A Study of a New Combination and Schedule of Chemotherapy Drugs for the Treatment of Head and Neck Cancer

Lead Sponsor:

University of Michigan Rogel Cancer Center

Conditions:

Head and Neck Cancer

Eligibility:

All Genders

18+ years

Phase:

PHASE2

Brief Summary

The purpose of this study is to determine the effectiveness and side effects of a new combination and schedule of chemotherapy drugs in the treatment of head and neck cancer. Patients with advanced or...

Detailed Description

Approximately 28,900 patients will be diagnosed with squamous cell cancers of the oral cavity and pharynx in the year 2002. Of these, an estimated 7,400 patients will present with metastases or develo...

Eligibility Criteria

Inclusion

  • Patients must have documented advanced, locally recurrent, or metastatic head and neck carcinoma, which is untreatable by surgical resection or radiation therapy.
  • Prior chemotherapy for advanced/metastatic disease is allowed (1 regimen only).
  • Patients must be taxane-naïve (no prior docetaxel or paclitaxel).
  • Patients who have received chemoradiation as a primary therapy for advanced head and neck cancer are eligible.
  • Patients must have measurable or evaluable disease. Pre-study imaging for disease assessment must be done within 28 days of registration.
  • Patients with brain metastases are eligible if they have been stable for at least six weeks post-radiation therapy.
  • Aged 18 years or older
  • Performance status of 0-2 by Zubrod criteria.
  • Life expectancy of at least 12 weeks.
  • Hematologic: absolute neutrophil count (ANC) equal to or \> 1,500/mm3; hemoglobin equal to or \> 8.0 g/dl; platelets equal to or \> 100,000/mm3.
  • Total bilirubin must be within normal institutional limits (WNL).
  • Transaminases (AST/SGOT and ALT/SGPT) may be up to 2.5 X the institutional upper limit of normal (ULN) if alkaline phosphatase is less than ULN, or alkaline phosphatase may be up to 4 X ULN if transaminases are less than ULN.
  • A calculated creatinine clearance of \> 50 ml/min
  • Women of childbearing potential must have a negative pregnancy test at baseline, prior to receiving any study drug. (Pregnant or lactating patients are excluded.)
  • Patients of reproductive potential must practice effective contraception while on study and for at least six months after receiving the last dose of study drug.
  • All patients must sign an informed consent prior to enrollment.
  • No prior history of malignancy, except for adequately treated skin cancer or in situ cervical carcinoma or any other cancer in complete remission for at least two years.

Exclusion

  • Patients with congestive heart failure, second or third degree heart block or recent myocardial infarction within 12 months from registration are not eligible.
  • Peripheral neuropathy equal to or greater than grade 2.
  • Patients with a history of severe hypersensitivity reaction to drugs formulated with polysorbate 80.
  • Use of standard chemotherapy or investigational agents for treatment of head and neck cancer within 28 days of 1st dose of study drug.
  • Any medical or psychiatric illness which, in the opinion of the principal investigator, would compromise the patient's ability to tolerate this treatment regimen.
  • Prior unanticipated severe reaction to fluoropyrimidine therapy or known hypersensitivity to 5-fluorouracil.
  • Pregnant or lactating women, women of childbearing potential with either a positive pregnancy test (PPT) at baseline, or sexually active females not using a reliable contraceptive method while on study and for at least six months after chemotherapy. (Postmenopausal women must have been amenorrheic for at least 12 months to be considered of non-childbearing potential.)
  • Sexually active patients not using a reliable contraceptive method while on study and for at least six months after chemotherapy.
  • Patients with malabsorption syndromes will be excluded.
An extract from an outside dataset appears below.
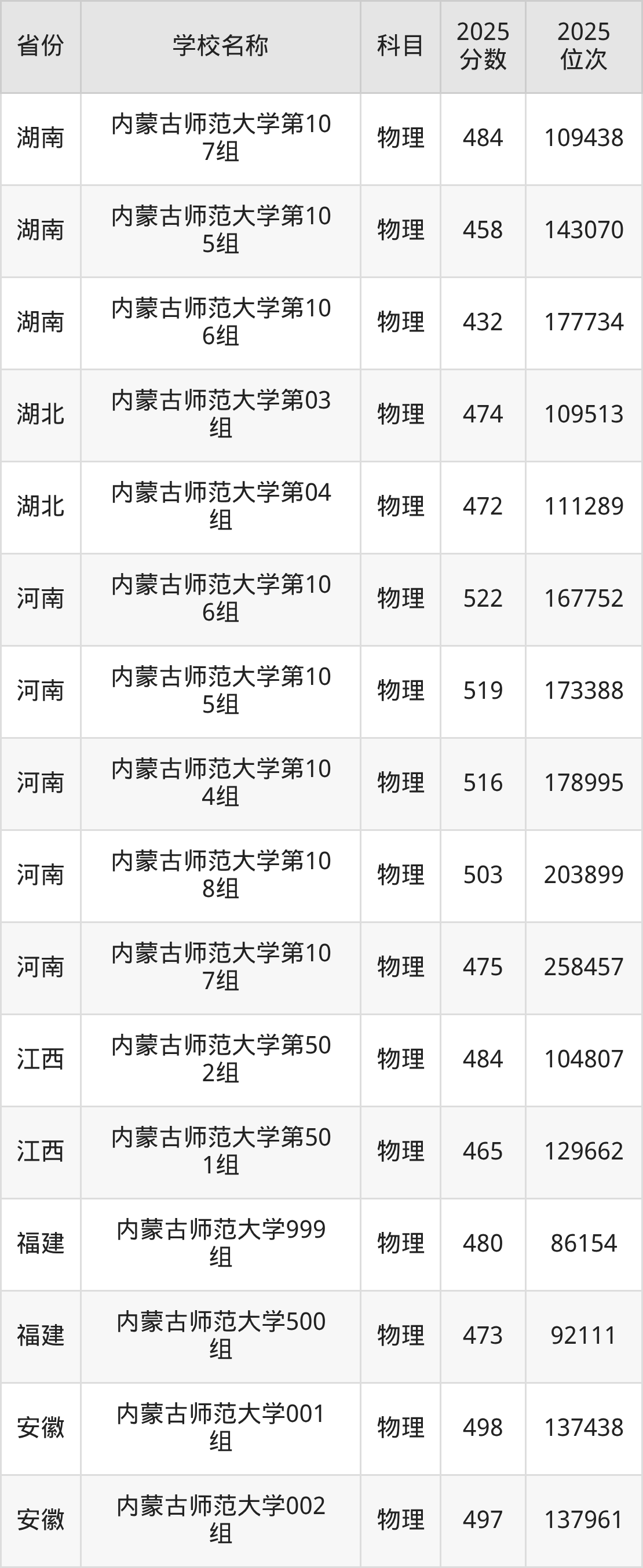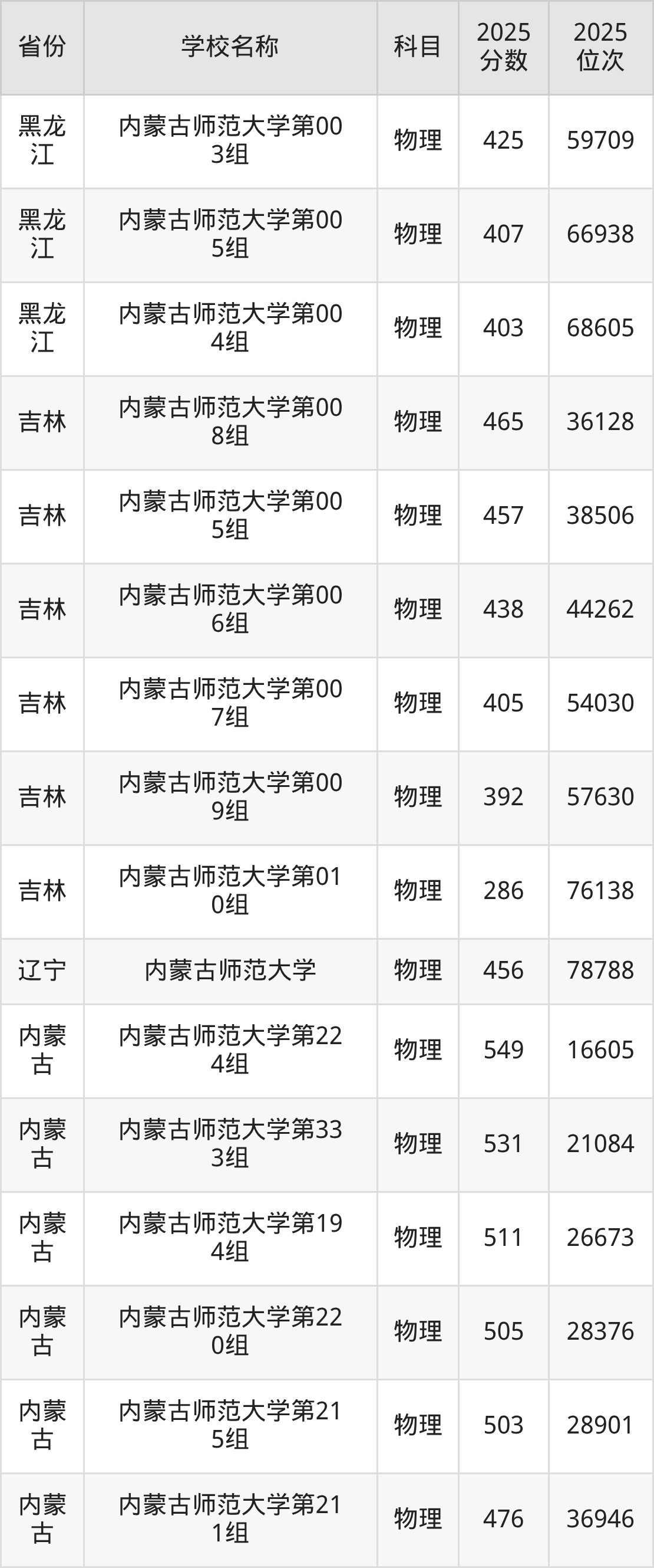 内蒙古师范大学2025年有95个专业组面向内蒙古自治区内首选了物理科目的考生招生:

Administration of capecitabine through feeding tubes is permitted.
  • Serious concurrent infections.
  • Any other serious uncontrolled medical or surgical conditions that the investigator feels might compromise study participation.

Key Trial Info

Start Date :

November 1 2002

Trial Type :

INTERVENTIONAL

Allocation :

ACTUAL

End Date :

July 1 2010

Estimated Enrollment :

40 Patients enrolled

Trial Details

Trial ID

NCT00148122

Start Date

November 1 2002

End Date

July 1 2010

Last Update

April 17 2014

Active Locations (1)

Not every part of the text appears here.